A* continues to expand nodes from the open list until it reaches the target node or exhausts all possible paths. It guarantees finding the shortest path if certain conditions are met:

* The heuristic function (h(n)) is admissible, meaning it never overestimates the true cost to reach the goal.
* The graph or grid does not have cycles with negative edge weights.

* ## 2) Bayes Spam filter
### Project Overview
The Bayesian Spam Filter project aims to identify whether an email is spam or not using Bayesian probability theory. It combines both supervised and unsupervised training methods to improve accuracy in classifying emails. The project utilizes a dataset of labeled emails to train a supervised classifier and employs unsupervised techniques like Naive Bayes to enhance spam detection.
### Features
The project uses a labeled dataset of emails, which can be found in the `data` directory. Make sure to update the dataset with your own email data or obtain a suitable dataset for further training and testing.
### Supervised and Unsupervised Training
The supervised classifier is trained using labeled data to learn patterns and features that distinguish spam from non-spam emails. It is essential to have a well-labeled dataset for effective supervised training.

The unsupervised Bayesian filter leverages Bayesian probability and Naive Bayes techniques to classify emails without relying on labeled data.

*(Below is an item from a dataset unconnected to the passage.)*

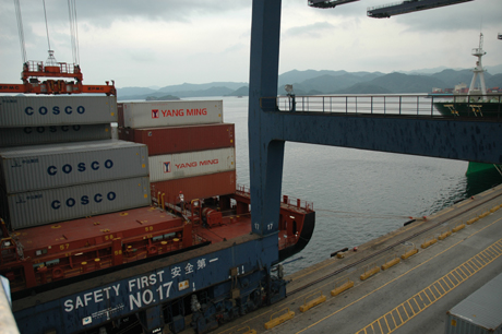 8月17日下午,深圳捐助給臺灣災(zāi)區(qū)的首批100套活動板房從深圳鹽田港啟運,滿載著大陸人民的深情厚誼駛向臺灣高雄港。臺風“莫拉克”使臺灣遭遇50年來最嚴重的水災(zāi),為幫助受災(zāi)的臺灣中南部地區(qū),深圳市委、市政府決定向臺灣捐贈1000套活動板房,面積5萬多平方米,總價值近2000萬元人民幣。圖為裝載活動板房、即將從深圳鹽田港啟運的貨船。

It calculates the likelihood of an email being spam or ham based on learned probabilities from the training data.

### Additive/Laplace/Lidstone smoothing
Additive, Laplace, or Lidstone smoothing is a technique used to address the problem of zero probabilities when applying Bayesian probability-based algorithms like Naive Bayes, especially in situations with limited data. In the context of the Bayesian Spam Filter, smoothing can help improve the robustness of the classifier.

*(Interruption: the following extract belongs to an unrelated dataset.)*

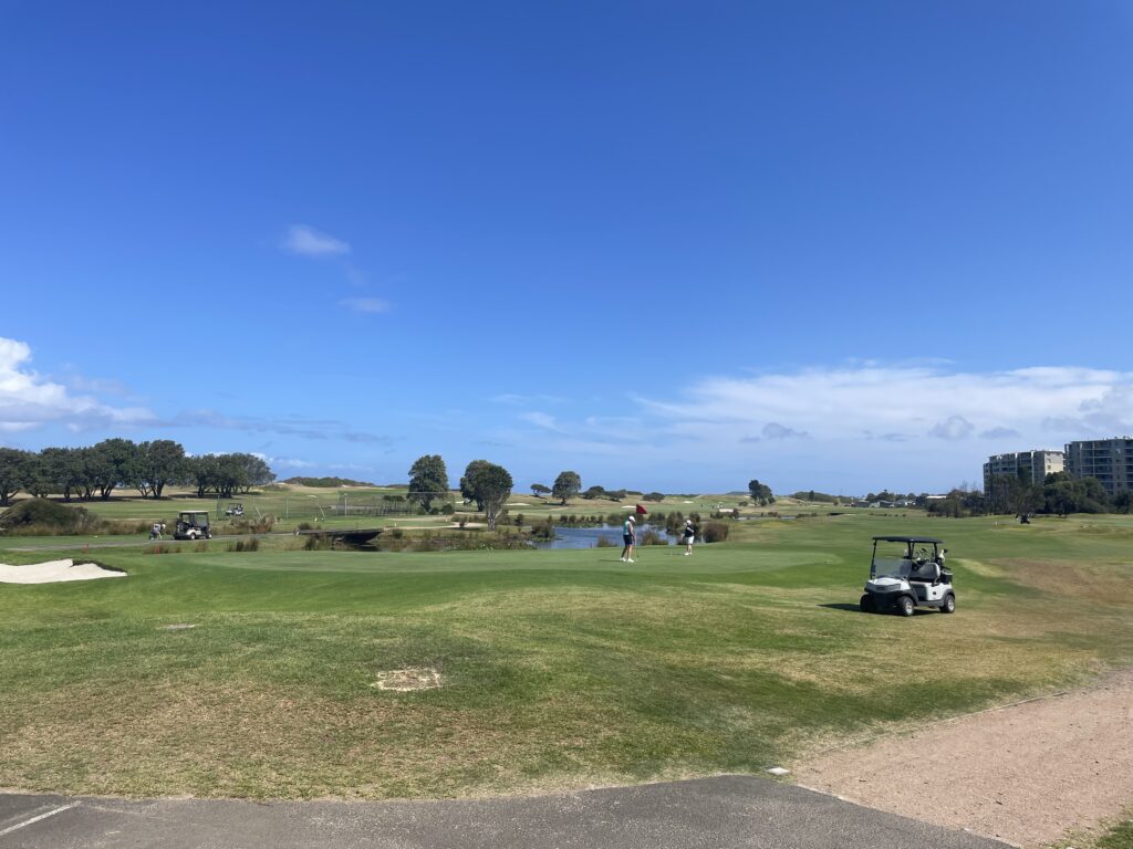 Banen er i øvrigt en links bane. Jeg har ingen idé om, hvor svær den er, men det er tankevækkende, at man her kan spille greenfee i primetime for 200 kr. Vi skal så leje et golfsæt og enten buggy eller trolley oveni – men det er nu noget anderledes priser end derhjemme.

In the Bayesian Spam Filter, smoothing is applied to calculate the probabilities of tokens in both spam and non-spam emails. When a feature is absent in one class but present in another, it can lead to a probability of zero, causing issues during classification.

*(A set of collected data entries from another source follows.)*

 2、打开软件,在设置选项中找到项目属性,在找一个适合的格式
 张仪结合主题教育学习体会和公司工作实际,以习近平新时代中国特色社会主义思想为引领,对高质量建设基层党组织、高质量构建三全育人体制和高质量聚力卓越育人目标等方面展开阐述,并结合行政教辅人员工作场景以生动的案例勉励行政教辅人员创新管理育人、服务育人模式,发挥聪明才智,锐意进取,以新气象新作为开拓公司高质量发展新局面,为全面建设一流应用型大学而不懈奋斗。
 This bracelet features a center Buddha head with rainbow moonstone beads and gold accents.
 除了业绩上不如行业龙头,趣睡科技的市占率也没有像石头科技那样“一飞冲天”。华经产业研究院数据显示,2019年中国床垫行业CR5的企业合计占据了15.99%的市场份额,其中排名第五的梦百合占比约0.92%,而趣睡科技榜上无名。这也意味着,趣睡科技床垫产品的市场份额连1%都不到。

Additive/Laplace/Lidstone smoothing addresses this by adding a small constant, **alpha** to the counts of each feature for both classes. This ensures that no probability becomes zero, and it prevents the model from becoming overly confident about specific features.

### Metrics
Evaluate the performance of the Bayesian Spam Filter using metrics like accuracy, precision, False positive/False negative ratio.




* ## 3) Game with AI using min-max tree
__...__

* ## 4) Optical Character Recognition with preprocessed data
### Project Overview
Digit recognition is a fundamental problem in the field of optical character recognition and machine learning. This project aims to recognize handwritten digits (0-9) using various machine learning algorithms.

### Dataset
The dataset used in this project consists of 65 long vectors to represent images. Each vector corresponds to a grayscale image of a handwritten digit. The brighter a pixel is, the larger the number in the vector at that position. The last value (on the 64th index) of the vector is the represented digit.
__For example:__ The vector bellow represents this handwritten digit:





We have used 3823 different digits for training and 1797 digits for testing the model, these vectors are included in the OCR folder.

### Machine Learning Techniques:
* __k-Nearest Neighbors (kNN):__ The kNN algorithm is used for both learning and testing on the dataset. It supports two distance metrics: Euclidean distance and Cosine similarity.

* __Centroid Method:__ This method involves clustering the data by finding centroids for each digit class and then classifying new data points based on their similarity to these centroids.

* __Gradient Descent (SVM):__ Gradient Descent is used to learn weights and biases for a Support Vector Machine (SVM) classifier. The SVM classifier is used for binary digit classification.

The project evaluates the performance of each algorithm on both training and testing data. It reports classification errors and provides error percentages for each digit class.